_Input material_:
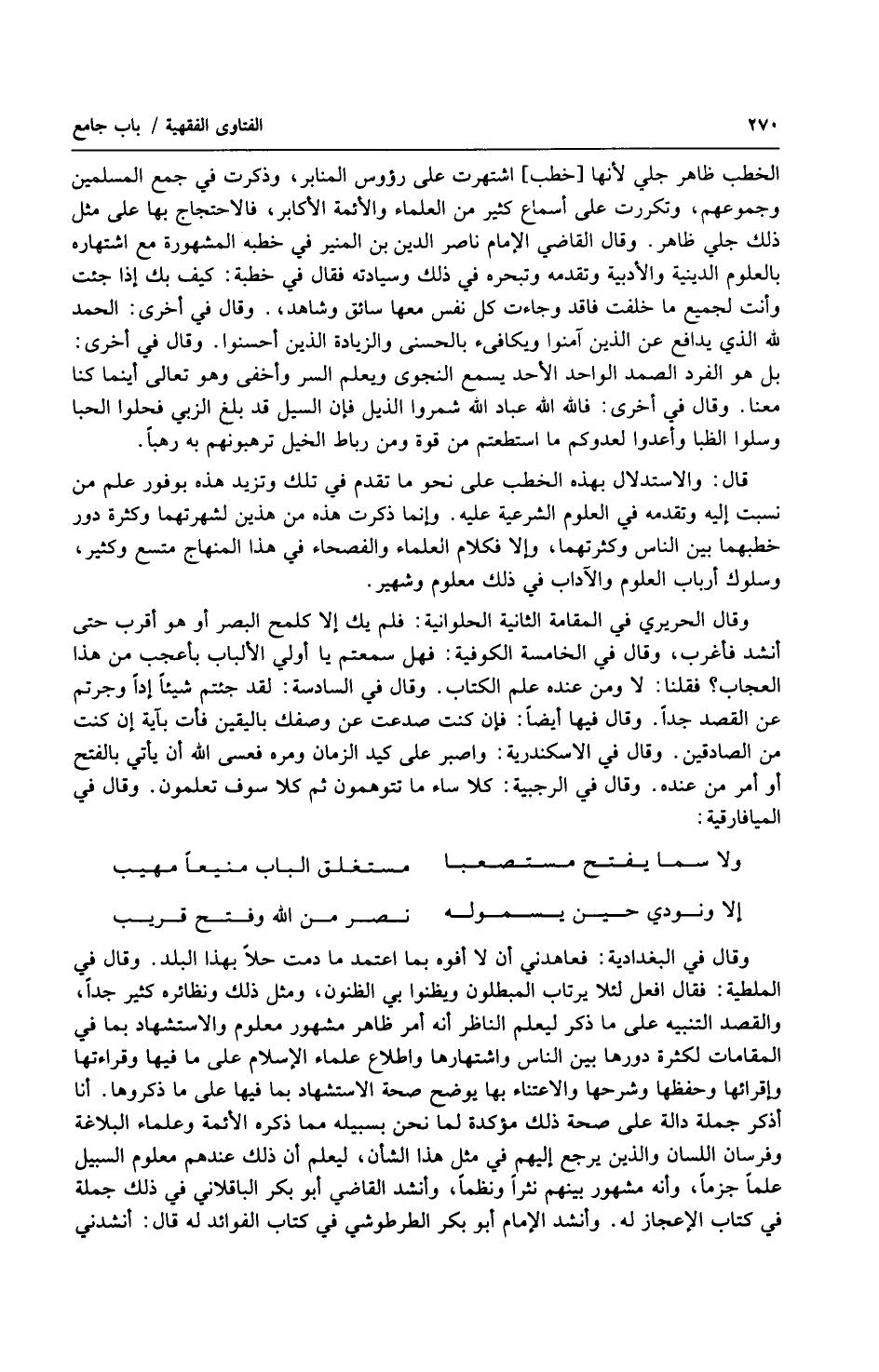 وقال في البغدادية: فعاهدني أن لا أفوه بما اعتمد ما دمت حلاً بهذا البلد. وقال في الملطية: فقال افعل لئلا يرتاب المبطلون ويظنوا بي الظنون، ومثل ذلك ونظائره كثير جداً، والقصد التنبيه على ما ذكر ليعلم الناظر أنه أمر ظاهر مشهور معلوم والاستشهاد بما في المقامات لكثرة دورها بين الناس واشتهارها واطلاع علماء الإسلام على ما فيها وقراءتها وإقرائها وحفظها وشرحها والاعتناء بها يوضح صحة الاستشهاد بما فيها على ما ذكروها. أنا أذكر جملة دالة على صحة ذلك مؤكدة لما نحن بسبيله مما ذكره الأئمة وعلماء البلاغة وفرسان اللسان والذين يرجع إليهم في مثل هذا الشأن، ليعلم أن ذلك عندهم معلوم السبيل علماً جزماً، وأنه مشهور بينهم نثراً ونظماً، وأنشد القاضي أبو بكر الباقلاني في ذلك جملة في كتاب الإعجاز له. وأنشد الإمام أبو بكر الطرطوشي في كتاب الفوائد له قال: أنشدني
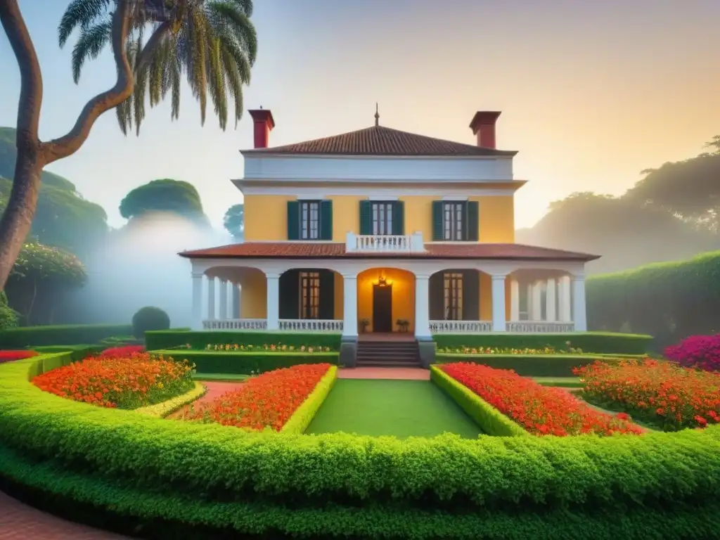 Imponente edificio histórico restaurado rodeado de jardines verdes y muebles modernos
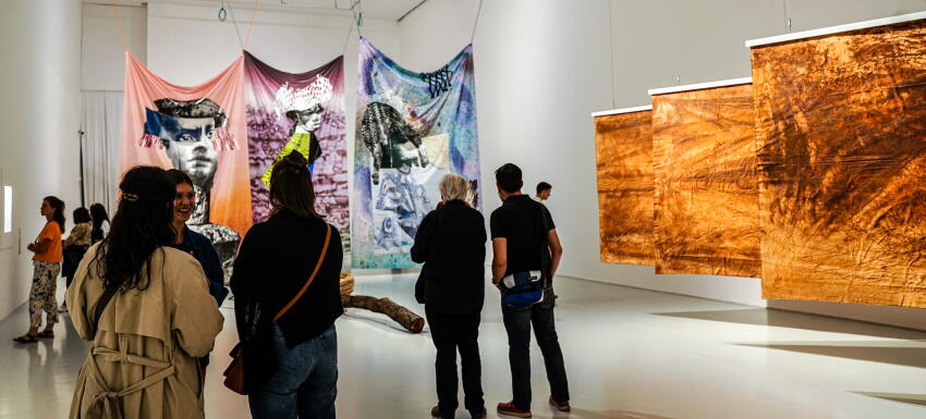 Au micro de Bintou Simporé, Hugues Marly et Flavien Larcade, les artistes dévoilent leurs œuvres, réalisées pour cette exposition, dédiée à leur perception des relations entre le continent africain et le reste du globe.
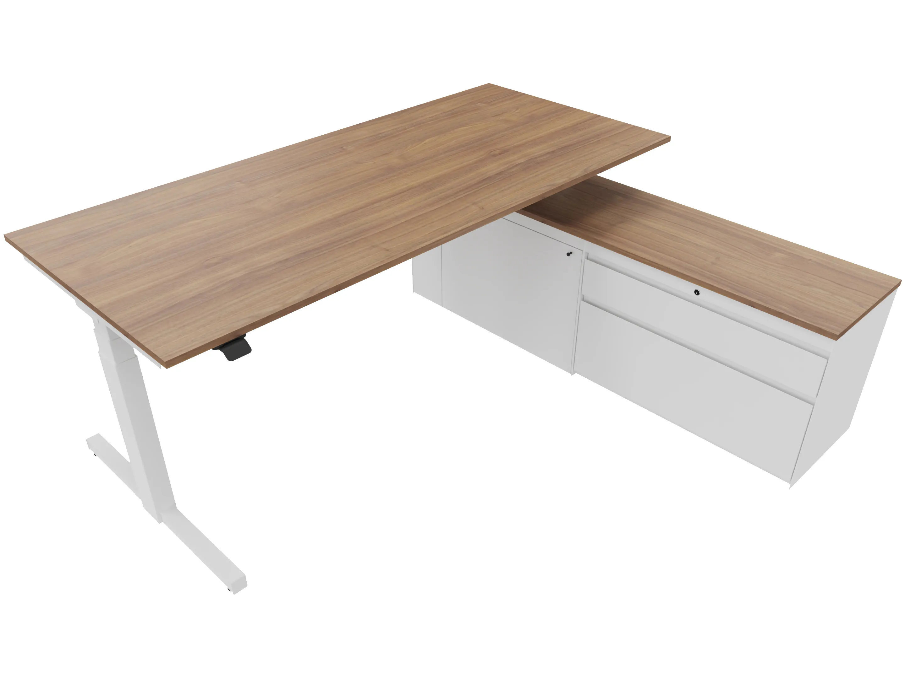 Zit-sta bureau, elektrisch verstelbaar tussen 640-1300mm, compleet met 1 werkblad van 2000 x 900mm, T-poten en hoog-laag bediening (gemonteerd onder blad), kast (links gemonteerd), met 2 lades en één draaideur.
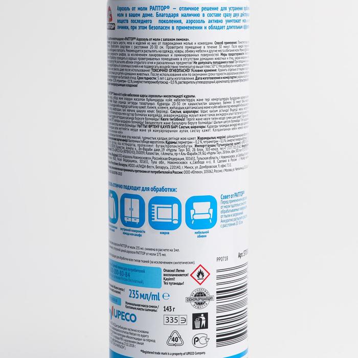 Аэрозоль от насекомых «Раптор», от моли, спрей, с запахом лимона, 235 мл

_Activity_: Make an exact copy of the records from their first line through the line containing "Au micro de", both ends included, with the pictures omitted.

_Exercise answer_:
 وقال في البغدادية: فعاهدني أن لا أفوه بما اعتمد ما دمت حلاً بهذا البلد. وقال في الملطية: فقال افعل لئلا يرتاب المبطلون ويظنوا بي الظنون، ومثل ذلك ونظائره كثير جداً، والقصد التنبيه على ما ذكر ليعلم الناظر أنه أمر ظاهر مشهور معلوم والاستشهاد بما في المقامات لكثرة دورها بين الناس واشتهارها واطلاع علماء الإسلام على ما فيها وقراءتها وإقرائها وحفظها وشرحها والاعتناء بها يوضح صحة الاستشهاد بما فيها على ما ذكروها. أنا أذكر جملة دالة على صحة ذلك مؤكدة لما نحن بسبيله مما ذكره الأئمة وعلماء البلاغة وفرسان اللسان والذين يرجع إليهم في مثل هذا الشأن، ليعلم أن ذلك عندهم معلوم السبيل علماً جزماً، وأنه مشهور بينهم نثراً ونظماً، وأنشد القاضي أبو بكر الباقلاني في ذلك جملة في كتاب الإعجاز له. وأنشد الإمام أبو بكر الطرطوشي في كتاب الفوائد له قال: أنشدني
 Imponente edificio histórico restaurado rodeado de jardines verdes y muebles modernos
 Au micro de Bintou Simporé, Hugues Marly et Flavien Larcade, les artistes dévoilent leurs œuvres, réalisées pour cette exposition, dédiée à leur perception des relations entre le continent africain et le reste du globe.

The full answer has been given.